Personal details
- Born: 15 June 1915
- Died: 22 March 1997 (aged 81)
- Spouse: Nalini Ratnayaka
- Children: 5
- Alma mater: St. John's College, Panadura University of Colombo University of Peradeniya
- Profession: oriental scholar

= P. B. Sannasgala =

Sri Lankan academic and linguist

Punchi Bandara Sannasgala (known as Professor P. B. Sannasgala or Professor Sannasgala) (15 June 1915 – 22 March 1997) was a Sri Lankan academic and linguist. Noted oriental scholar, he was a researcher on Sinhala language, Sinhala literature, Pali and Sanskrit. He is the author of `Sinhala Saahithya Wanshaya' in the 1960s.

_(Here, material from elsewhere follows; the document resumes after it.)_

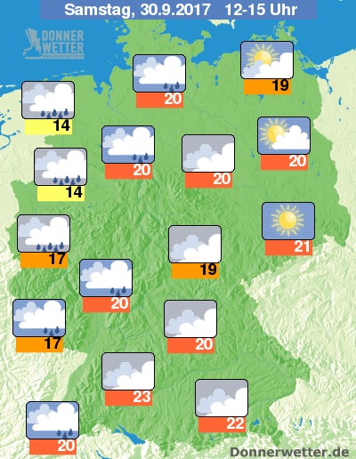Heute Nachmittag scheint von Vorpommern bis nach Sachsen noch verbreitet die Sonne, über der übrigen Osthälfte Deutschlands ist es meist stark bewölkt, jedoch ebenfalls weitgehend trocken. Weiter nach Westen hin fällt unter dichten Wolken immer wieder, teils kräftiger und ergiebiger Regen, zudem sind örtlich Gewitter möglich. Die Temperatur liegt bei teils nur 14 Grad an der Ems und bis 22 Grad in München.

== Early life and education ==
Born in Ambagasdowegedara, Ambawela, Uva Province of Ceylon, he was the eldest of eight siblings which included three brothers and four sisters. Receiving is primary education at the local school, he then studied at the Pravacanodaya Pirivena gaining many awards before entering St. John's College, Panadura for his secondary education. He entered Ceylon University College. Having graduated with a BA (Honours) in Sinhala, he went on to gained a masters and Doctor of Philosophy from the University of Ceylon. His submission for a Doctor of Letters degree from the Vidyalankara Campus (University of Kelaniya) in 1976 was not carried out by the university although the examiners approved the granting of the degree on his thesis "Sinhala Vocables of Dutch Origin".

== Academic career ==
Starting on his academic career in 1947, he joined the Sinhala Dictionary project in the 1950s. He authored may books and was member of the faculty of the University of Colombo and the University of Kelaniya.

== Family ==
He married Nalini Ratnayaka, daughter of Abeyratne Ratnayaka, first Cabinet Minister of Food, Co-operatives and later Minister of Home Affairs. They had five daughters, including Professor Kshanika Hirimburegama.